◆ Exercise requirements
Every entry below is to be copied exactly, with nothing left out.

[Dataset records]
******

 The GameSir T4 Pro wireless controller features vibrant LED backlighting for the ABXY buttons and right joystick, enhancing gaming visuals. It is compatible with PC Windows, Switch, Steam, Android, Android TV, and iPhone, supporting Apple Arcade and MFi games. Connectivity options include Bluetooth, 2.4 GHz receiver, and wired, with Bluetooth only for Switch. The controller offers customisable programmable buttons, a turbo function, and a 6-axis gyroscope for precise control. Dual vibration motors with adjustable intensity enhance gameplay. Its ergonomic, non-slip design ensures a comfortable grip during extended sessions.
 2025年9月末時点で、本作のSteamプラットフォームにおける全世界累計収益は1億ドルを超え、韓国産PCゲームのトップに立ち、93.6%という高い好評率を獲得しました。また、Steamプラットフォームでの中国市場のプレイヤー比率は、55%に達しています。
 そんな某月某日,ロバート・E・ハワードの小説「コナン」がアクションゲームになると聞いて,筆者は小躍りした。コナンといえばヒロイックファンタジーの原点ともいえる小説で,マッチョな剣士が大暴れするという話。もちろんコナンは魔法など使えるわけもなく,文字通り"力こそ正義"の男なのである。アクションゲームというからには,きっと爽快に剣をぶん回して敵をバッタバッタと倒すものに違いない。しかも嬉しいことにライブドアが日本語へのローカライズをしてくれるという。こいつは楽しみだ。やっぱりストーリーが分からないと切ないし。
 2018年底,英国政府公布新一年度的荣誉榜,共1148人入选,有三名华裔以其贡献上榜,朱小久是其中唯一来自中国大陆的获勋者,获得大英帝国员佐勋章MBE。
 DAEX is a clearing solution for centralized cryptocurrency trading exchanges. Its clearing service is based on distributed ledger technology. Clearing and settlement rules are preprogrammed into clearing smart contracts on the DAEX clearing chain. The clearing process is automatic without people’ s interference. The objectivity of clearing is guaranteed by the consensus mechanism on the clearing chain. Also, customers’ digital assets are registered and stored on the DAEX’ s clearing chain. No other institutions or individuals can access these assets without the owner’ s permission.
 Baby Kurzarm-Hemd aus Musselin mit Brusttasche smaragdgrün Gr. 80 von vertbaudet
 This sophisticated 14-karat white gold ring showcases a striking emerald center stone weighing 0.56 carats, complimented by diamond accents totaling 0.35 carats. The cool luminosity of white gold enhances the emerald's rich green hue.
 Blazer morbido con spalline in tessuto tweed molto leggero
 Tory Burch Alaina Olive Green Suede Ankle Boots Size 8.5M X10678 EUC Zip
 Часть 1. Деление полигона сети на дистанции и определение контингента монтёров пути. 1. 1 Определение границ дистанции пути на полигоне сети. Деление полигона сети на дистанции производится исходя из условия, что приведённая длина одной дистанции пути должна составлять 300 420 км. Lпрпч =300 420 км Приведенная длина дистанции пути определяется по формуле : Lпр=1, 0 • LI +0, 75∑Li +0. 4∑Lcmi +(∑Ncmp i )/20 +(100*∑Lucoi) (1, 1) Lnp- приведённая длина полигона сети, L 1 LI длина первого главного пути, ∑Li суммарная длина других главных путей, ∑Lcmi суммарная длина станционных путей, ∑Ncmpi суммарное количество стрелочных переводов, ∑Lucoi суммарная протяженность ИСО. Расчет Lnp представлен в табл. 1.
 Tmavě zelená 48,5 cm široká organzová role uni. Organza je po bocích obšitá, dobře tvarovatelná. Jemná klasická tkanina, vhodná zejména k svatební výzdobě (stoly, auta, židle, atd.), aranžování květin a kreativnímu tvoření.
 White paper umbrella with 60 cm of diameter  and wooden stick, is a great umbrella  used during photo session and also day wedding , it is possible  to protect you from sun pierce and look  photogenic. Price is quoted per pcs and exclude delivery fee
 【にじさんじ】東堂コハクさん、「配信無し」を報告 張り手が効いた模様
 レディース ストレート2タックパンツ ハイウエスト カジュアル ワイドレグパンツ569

******

◆ Completed task
 The GameSir T4 Pro wireless controller features vibrant LED backlighting for the ABXY buttons and right joystick, enhancing gaming visuals. It is compatible with PC Windows, Switch, Steam, Android, Android TV, and iPhone, supporting Apple Arcade and MFi games. Connectivity options include Bluetooth, 2.4 GHz receiver, and wired, with Bluetooth only for Switch. The controller offers customisable programmable buttons, a turbo function, and a 6-axis gyroscope for precise control. Dual vibration motors with adjustable intensity enhance gameplay. Its ergonomic, non-slip design ensures a comfortable grip during extended sessions.
 2025年9月末時点で、本作のSteamプラットフォームにおける全世界累計収益は1億ドルを超え、韓国産PCゲームのトップに立ち、93.6%という高い好評率を獲得しました。また、Steamプラットフォームでの中国市場のプレイヤー比率は、55%に達しています。
 そんな某月某日,ロバート・E・ハワードの小説「コナン」がアクションゲームになると聞いて,筆者は小躍りした。コナンといえばヒロイックファンタジーの原点ともいえる小説で,マッチョな剣士が大暴れするという話。もちろんコナンは魔法など使えるわけもなく,文字通り"力こそ正義"の男なのである。アクションゲームというからには,きっと爽快に剣をぶん回して敵をバッタバッタと倒すものに違いない。しかも嬉しいことにライブドアが日本語へのローカライズをしてくれるという。こいつは楽しみだ。やっぱりストーリーが分からないと切ないし。
 2018年底,英国政府公布新一年度的荣誉榜,共1148人入选,有三名华裔以其贡献上榜,朱小久是其中唯一来自中国大陆的获勋者,获得大英帝国员佐勋章MBE。
 DAEX is a clearing solution for centralized cryptocurrency trading exchanges. Its clearing service is based on distributed ledger technology. Clearing and settlement rules are preprogrammed into clearing smart contracts on the DAEX clearing chain. The clearing process is automatic without people’ s interference. The objectivity of clearing is guaranteed by the consensus mechanism on the clearing chain. Also, customers’ digital assets are registered and stored on the DAEX’ s clearing chain. No other institutions or individuals can access these assets without the owner’ s permission.
 Baby Kurzarm-Hemd aus Musselin mit Brusttasche smaragdgrün Gr. 80 von vertbaudet
 This sophisticated 14-karat white gold ring showcases a striking emerald center stone weighing 0.56 carats, complimented by diamond accents totaling 0.35 carats. The cool luminosity of white gold enhances the emerald's rich green hue.
 Blazer morbido con spalline in tessuto tweed molto leggero
 Tory Burch Alaina Olive Green Suede Ankle Boots Size 8.5M X10678 EUC Zip
 Часть 1. Деление полигона сети на дистанции и определение контингента монтёров пути. 1. 1 Определение границ дистанции пути на полигоне сети. Деление полигона сети на дистанции производится исходя из условия, что приведённая длина одной дистанции пути должна составлять 300 420 км. Lпрпч =300 420 км Приведенная длина дистанции пути определяется по формуле : Lпр=1, 0 • LI +0, 75∑Li +0. 4∑Lcmi +(∑Ncmp i )/20 +(100*∑Lucoi) (1, 1) Lnp- приведённая длина полигона сети, L 1 LI длина первого главного пути, ∑Li суммарная длина других главных путей, ∑Lcmi суммарная длина станционных путей, ∑Ncmpi суммарное количество стрелочных переводов, ∑Lucoi суммарная протяженность ИСО. Расчет Lnp представлен в табл. 1.
 Tmavě zelená 48,5 cm široká organzová role uni. Organza je po bocích obšitá, dobře tvarovatelná. Jemná klasická tkanina, vhodná zejména k svatební výzdobě (stoly, auta, židle, atd.), aranžování květin a kreativnímu tvoření.
 White paper umbrella with 60 cm of diameter  and wooden stick, is a great umbrella  used during photo session and also day wedding , it is possible  to protect you from sun pierce and look  photogenic. Price is quoted per pcs and exclude delivery fee
 【にじさんじ】東堂コハクさん、「配信無し」を報告 張り手が効いた模様
 レディース ストレート2タックパンツ ハイウエスト カジュアル ワイドレグパンツ569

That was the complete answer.